32 replies to this topic

[cpotting]

ok, let's clear things up.

there're only 4 possibilities:

1. Both parts are true => Entire statement is true. So the wife is an honestant and the husband is a swindlecant. PARADOX! Swindlecants don't tell the truth. So this is impossible.

2. First part is true, and second part is false => Entire statement is false. Wife is an honestant and husband is an honestant. PARADOX! Honestants always tell the truth. So this is also impossible.

3. First part is false, and second part is true => Entire statement is true. Wife is a swindlecant and husband is a swindlecant. PARADOX! Swindlecants always lie. So this is again impossible.

4. Both parts are false => Entire statement is true. Wife is a swindlecant and husband is an honestant. Only possible answer. Since the statement was given as an implication, the honestant is being tricky, but he isn't lying.

The thing about these truth/lie logic questions is that the background is usually that the inhabitants of the country while separated into these two distinct groups both love to try stumping the tourists with logic puzzles. So I don't see any inherent paradox in the honestant lying for both parts of the implication.

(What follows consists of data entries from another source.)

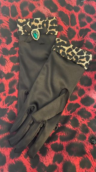 Guantes de seda con puño printa animal, acabado con lazo de grogré y boton joya Hechos a mano, unicos y exclusivos!!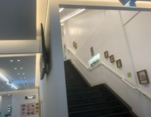 입구 바로 앞에는 계단이 있고, 엘리베이터는 쇼품샵을 쭉 지나가면 있어요.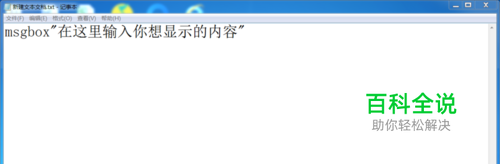 步骤二:打开新建的文件,输入“msgbox“”“。如图所示,双引号内的内容是你想显示的内容。注意:这里的双引号必须是英文状态下的双引号,否则无效!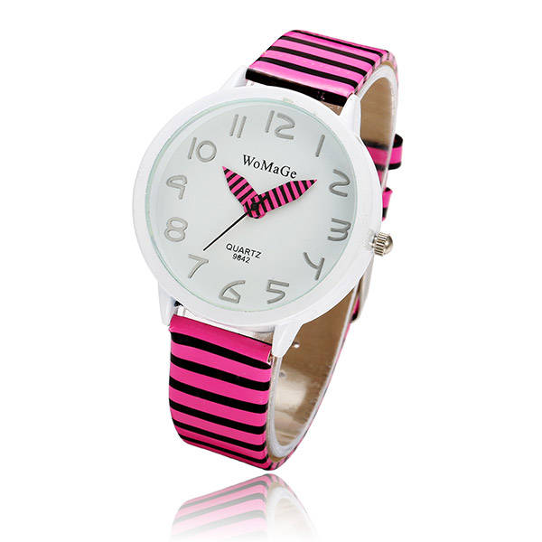 WOMAGE Fashion Women Pencil Pointer Striated Strap Leather Quartz Watch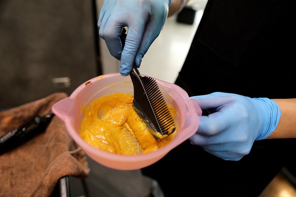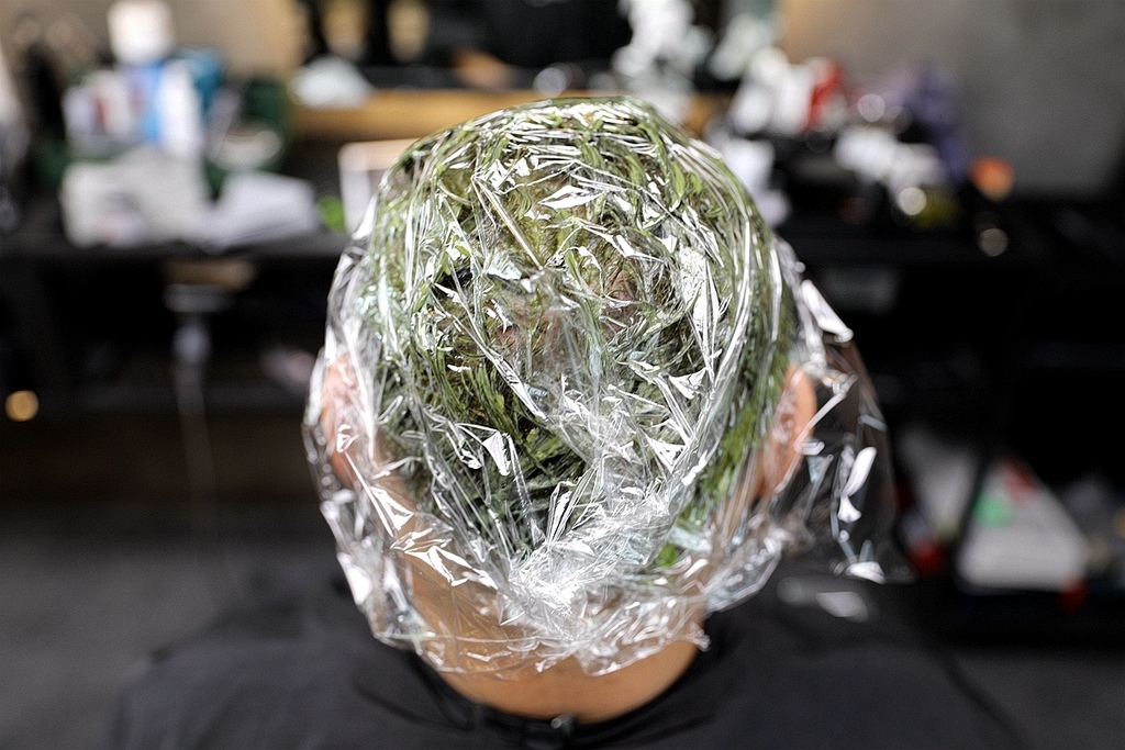 這是Eu溝通後 特地調製的染髮膏 染後會呈現墨綠色 在綠色慢慢褪掉之後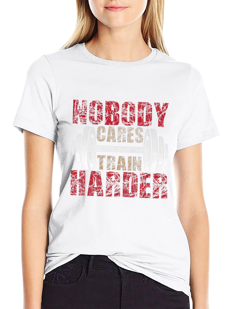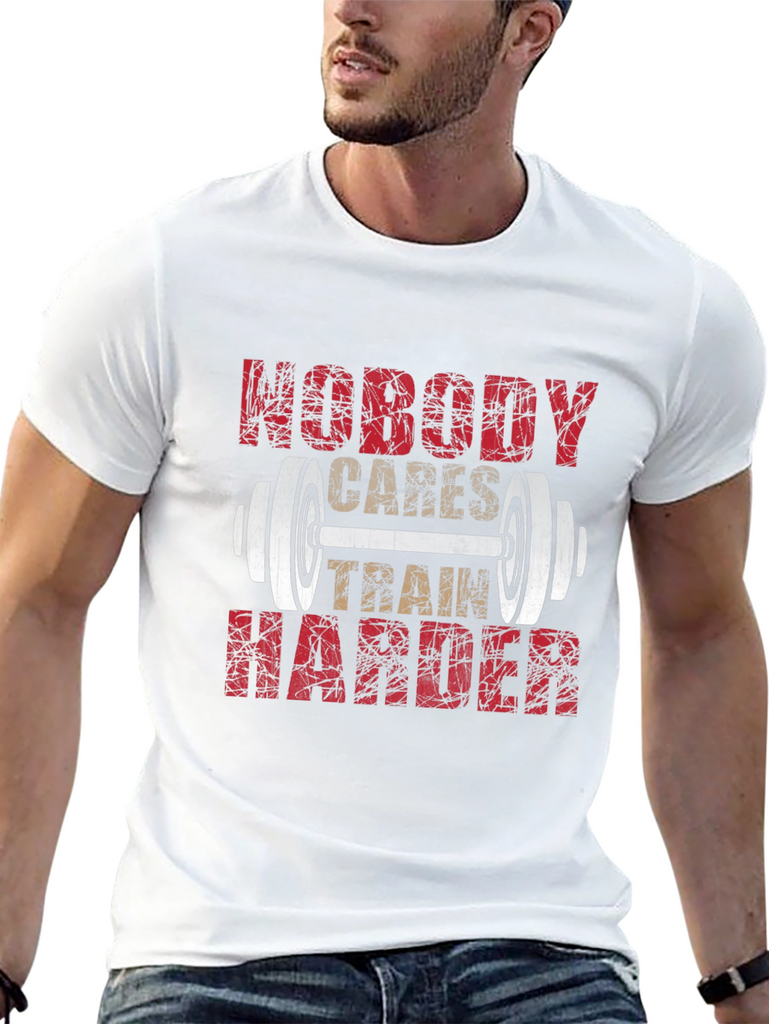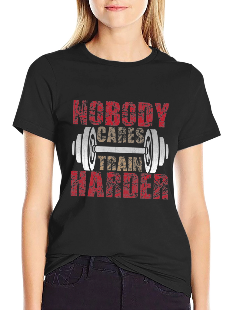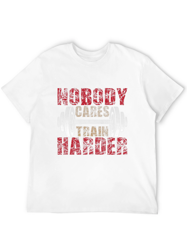 Show your dedication to fitness with this motivational "Nobody Cares Train Harder" t-shirt. This black tee features a bold graphic print of a barbell with the phrase "Nobody Cares Train Harder" in a distressed, eye-catching font. The graphic has red and brown elements, adding depth and character. Perfect for the gym, workouts, or casual wear, this shirt is a great way to inspire yourself and others to push harder. Made from comfortable fabric, it's designed for both style and performance. This tee makes a great gift for the fitness enthusiast in your life.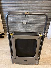 Tapis roulant sottile completamente pieghevole in modo da poterlo riporre ovunque al termine dell'allenamento o se si desidera trasportarlo in un altro luogo. Ha uno schermo LCD che mostra velocità, distanza percorsa, calorie bruciate e tempo percorse in modo da poter avere il controllo completo del tuo allenamento. Oltre l’app dedicata che consente il monitoraggio di altri dati. Con il telecomando puoi accendere/spegnere il dispositivo, accelerare, rallentare e cambiare modalità.

I have to disagree here. IF-THEN does not separate a statement into two independent phrases (that's what AND and OR do). IF-THEN makes one statement dependent on the other.

The solution is indeterminate:
For an Honestant to say "If my wife is an Honestant, then I am a Swindlecat" is a perfectly valid statement and indicates that there are no male Honestants with Honestant wives. It would be like me truthfully saying "If you are the king of Atlantis then I'm the Prince of the Moon!". I am not lying.

For a Swindlecat to say "If my wife is an Honestant, then I am a Swindlecat" is a perfectly valid statement also. It indicates that there are Honestants men who have married Honestant women, and others that have married Swindlecats, and that you can't tell that a husband is Swindlecat by knowing if his wife is or isn't. It is like my saying "If my wife has red hair, then I have brown". It is a lie because my wife's hair colour does not determine mine. It would only be impossible for me (a Swindlecat) to say this if there was some factor that meant that no redheaded women were married to brunettes. Or, as I just explained it to my brother, the statement "If you're name is Ian, then my name is Clive" is a lie (even though his name is Ian and mine is Clive). His name being Ian does not make my name Clive - my name could be John, or Barry. The IF-THEN relationship if false and makes the statement a lie.

Therefore, both an Honestant and a Swindlecat can make the statement and not break the rules. Without further information, we cannot tell which they are.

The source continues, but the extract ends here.